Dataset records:
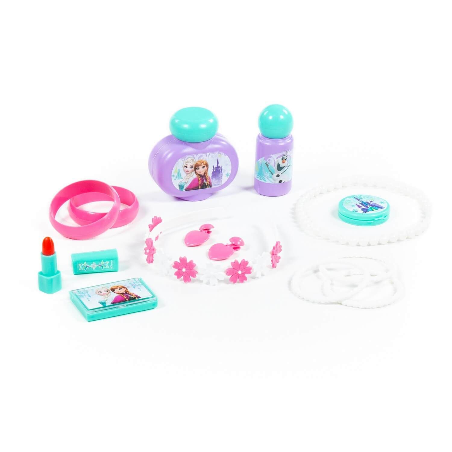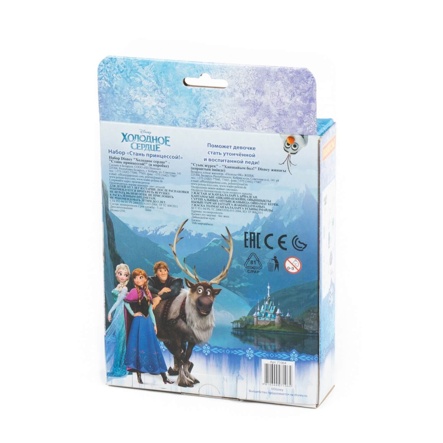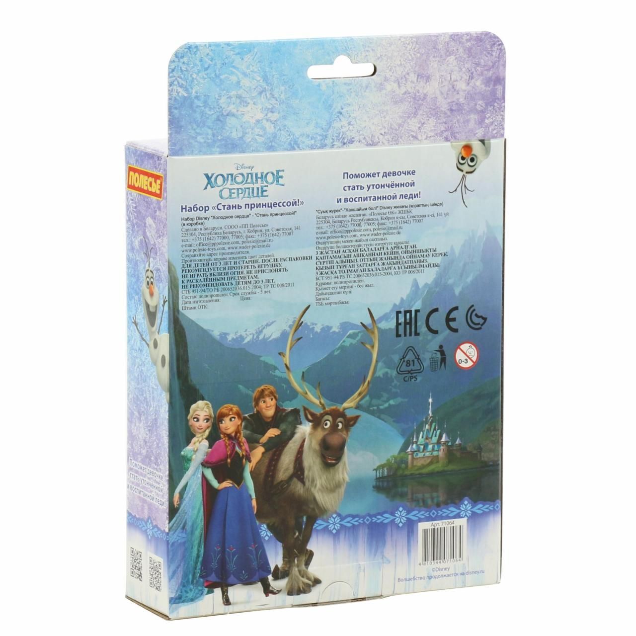 С игровым набором Disney «Холодное сердце» — «Cтань принцессой!» от фабрики «Полесье» девочка сможет ощутить себя утончённой леди и принцессой диснеевских сказок! Комплект детских украшений и парикмахерских принадлежностей украшен тематическими наклейками и выполнен в стилистике анимационного фильма «Холодное сердце». Игровой набор приучает девочку следить за собой, быть опрятной. В набор входят следующие аксессуары: обруч для волос — 1 шт., флакончики для косметических средств — 2 шт., клипсы — 1 пара, браслеты — 5 шт., бусы — 1 шт., тени — 1 шт., помада — 1 шт., пудреница — 1 шт. Набор упакован в красочную коробку. Набор Disney «Холодное сердце» — «Cтань принцессой!» позволит девочке организовать свой салон красоты или парикмахерскую, придумывать новые образы и прически, развивая воображение и фантазию!
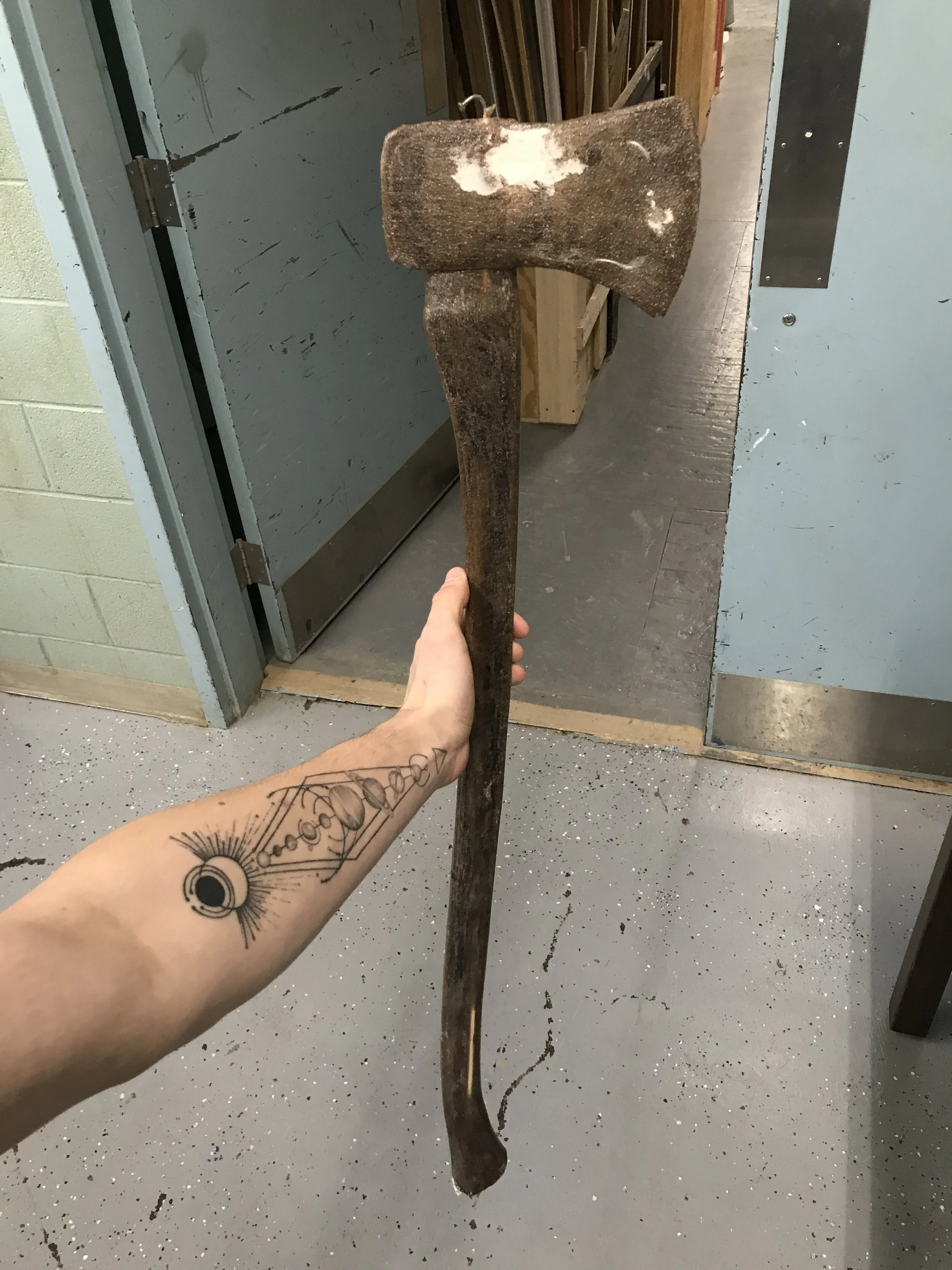 Modeled after a late 1890s Van Camp Axe this actor safe foam recreation was custom fabricated for the production. After doing a temporary modification to the head of a real Van Camp axe to bring it back to its full “unused” length than axe was molded in silicon. Then it was casted in FLEX FOAM-IT with a wooden dowel support spine and wire support in the head. Finally it was faux-finished to with a buffed graphite head and a dark wood grain handle then sealed with Crystal Gel.
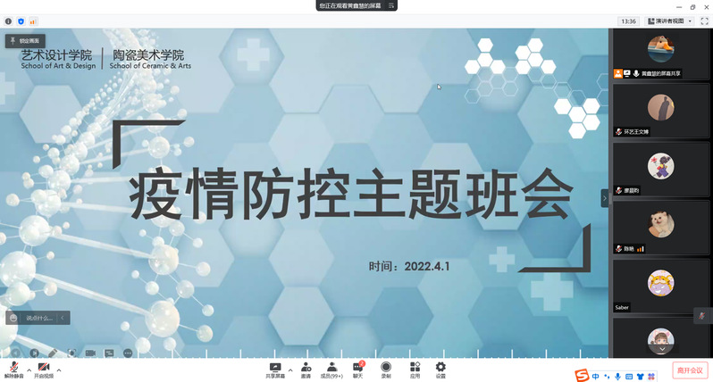 为深入贯彻学校疫情防控工作要求,提高学生防疫意识,进一步维护校园安全,4月2日下午,艺术设计学院召开研究生“疫情防控”主题线上班会,本次会议由辅导员黄鑫慧老师主持,学院全体研究生参加。
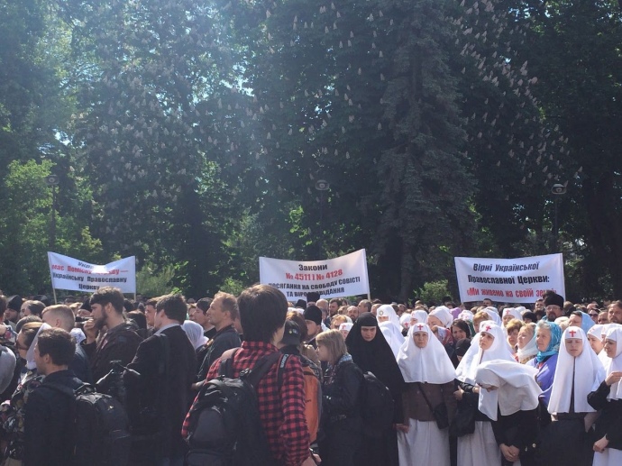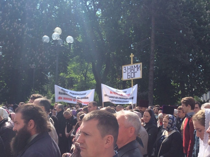Як було оголошено, УПЦ МП проводить молебень на знак протесту проти двох проектів законів: про особливий статус релігійних організацій, "керівні центри" яких знаходяться в державі-агресорі щодо України, і про внесення змін до закону "Про свободу совісті та релігійні організації" щодо зміни релігійними громадами підлеглості.
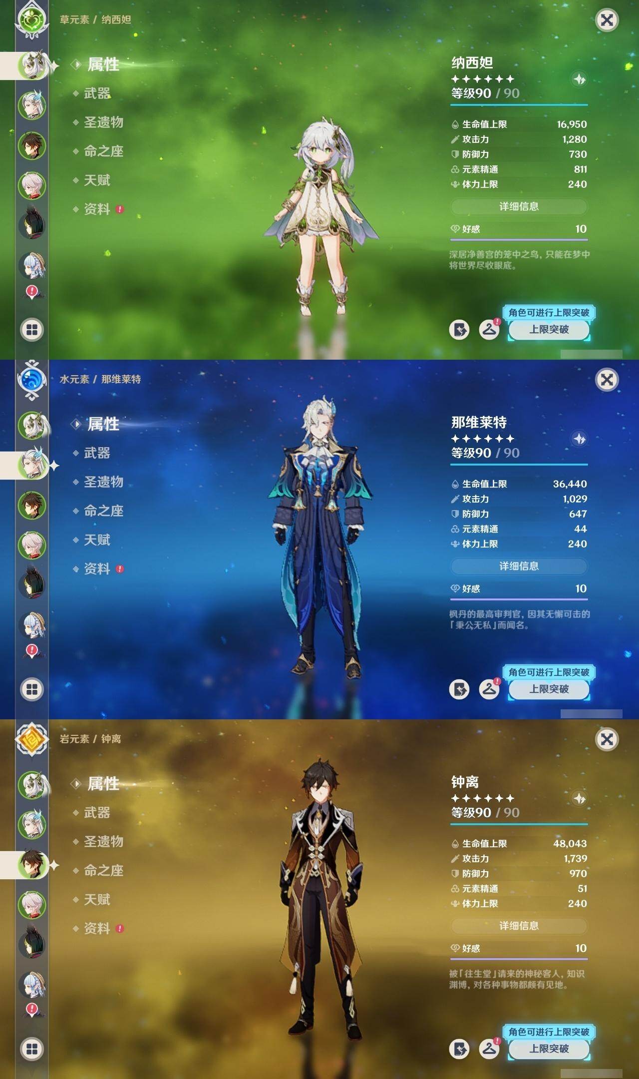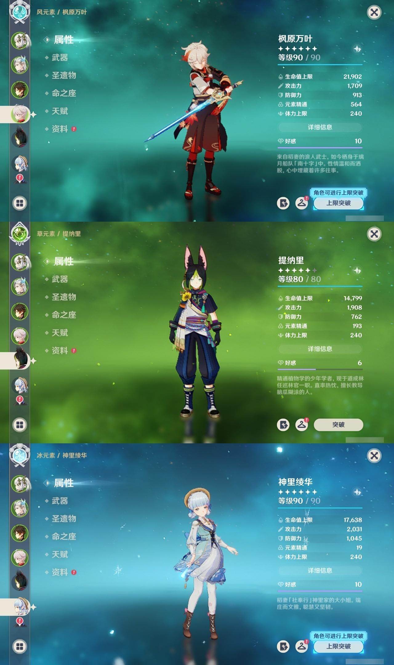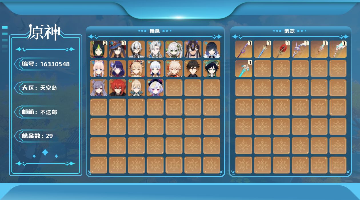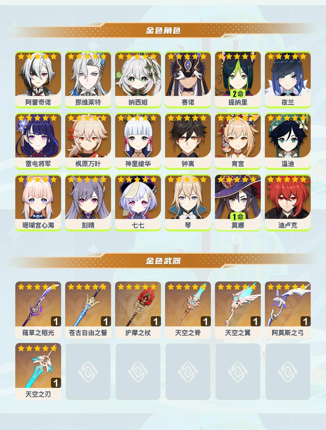 0命阿蕾奇诺,0命那维莱特,0命纳西妲,0命赛诺,2命提纳里,0命夜兰,0命雷电将军,0命枫原万叶,0命神里绫华,0命钟离,0命宵宫,0命温迪,0命珊瑚宫心海,0命刻晴,0命七七,0命琴,1命莫娜,0命迪卢克,精1薙草之稻光,精1苍古自由之誓,精1护摩之杖,精1天空之脊,精1天空之翼,精1阿莫斯之弓,精1天空之刃

#### [About this task]
What is needed is a word-for-word copy of the data above, free of any images.

#### [Output for this task]
 С игровым набором Disney «Холодное сердце» — «Cтань принцессой!» от фабрики «Полесье» девочка сможет ощутить себя утончённой леди и принцессой диснеевских сказок! Комплект детских украшений и парикмахерских принадлежностей украшен тематическими наклейками и выполнен в стилистике анимационного фильма «Холодное сердце». Игровой набор приучает девочку следить за собой, быть опрятной. В набор входят следующие аксессуары: обруч для волос — 1 шт., флакончики для косметических средств — 2 шт., клипсы — 1 пара, браслеты — 5 шт., бусы — 1 шт., тени — 1 шт., помада — 1 шт., пудреница — 1 шт. Набор упакован в красочную коробку. Набор Disney «Холодное сердце» — «Cтань принцессой!» позволит девочке организовать свой салон красоты или парикмахерскую, придумывать новые образы и прически, развивая воображение и фантазию!
 Modeled after a late 1890s Van Camp Axe this actor safe foam recreation was custom fabricated for the production. After doing a temporary modification to the head of a real Van Camp axe to bring it back to its full “unused” length than axe was molded in silicon. Then it was casted in FLEX FOAM-IT with a wooden dowel support spine and wire support in the head. Finally it was faux-finished to with a buffed graphite head and a dark wood grain handle then sealed with Crystal Gel.
 为深入贯彻学校疫情防控工作要求,提高学生防疫意识,进一步维护校园安全,4月2日下午,艺术设计学院召开研究生“疫情防控”主题线上班会,本次会议由辅导员黄鑫慧老师主持,学院全体研究生参加。
Як було оголошено, УПЦ МП проводить молебень на знак протесту проти двох проектів законів: про особливий статус релігійних організацій, "керівні центри" яких знаходяться в державі-агресорі щодо України, і про внесення змін до закону "Про свободу совісті та релігійні організації" щодо зміни релігійними громадами підлеглості.
 0命阿蕾奇诺,0命那维莱特,0命纳西妲,0命赛诺,2命提纳里,0命夜兰,0命雷电将军,0命枫原万叶,0命神里绫华,0命钟离,0命宵宫,0命温迪,0命珊瑚宫心海,0命刻晴,0命七七,0命琴,1命莫娜,0命迪卢克,精1薙草之稻光,精1苍古自由之誓,精1护摩之杖,精1天空之脊,精1天空之翼,精1阿莫斯之弓,精1天空之刃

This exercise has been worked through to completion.